Spotlight on parent engagement: Practice and research - using Science inquiry to engage parents in student language and literacy learning

2020 
In this article we—Linda, Beryl and Sonja (the authors)—reflect on an ongoing research project over the past four years which explores how to engage parents/carers in inquiry curriculum using social media (see Exley, Willis, & McCosker, 2017; Exley & Willis, 2016; Willis & Exley, 2018). The EPIC—Engaging Parents in Inquiry Curriculum—project uses a contemporary understanding of parent engagement as a cumulative process that can be represented on a continuum where traditional forms of involvement such as parents helping in the tuckshop are at one end and parents playing active roles in their child’s learning are at the other.

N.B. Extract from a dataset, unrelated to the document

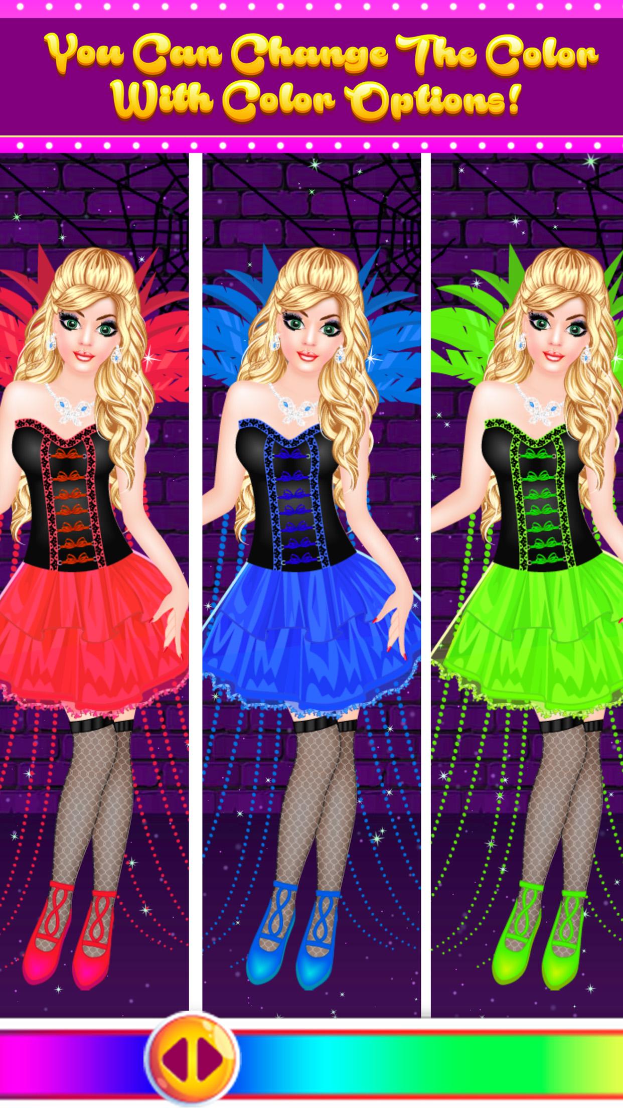 - scegli un abito per la tua bambola mostruosa tra un sacco di opzioni; puoi anche cambiare il colore del vestito facendo scorrere l'opzione del colore indicata
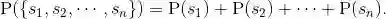 利用概率律的可加性公理,事件 A 的概率等于组成该事件的试验结果的概率之和:

This understanding of parent engagement requires schools and teachers to reimagine existing practices as well as imagine new ways to bring parents closer to their child’s learning (Goodall & Montgomery, 2014). This view of parent engagement rests on the international literature (e.g., Organisation for Economic Co-operation & Development [OECD], 2017) which has consistently shown over the last half century that students whose parents are engaged in their child’s learning experience increased motivation, wellbeing, achievement and success at school. Although parent involvement is often an essential precursor to engagement, it is parent engagement that gets the gold star when it comes to improving student learning and wellbeing.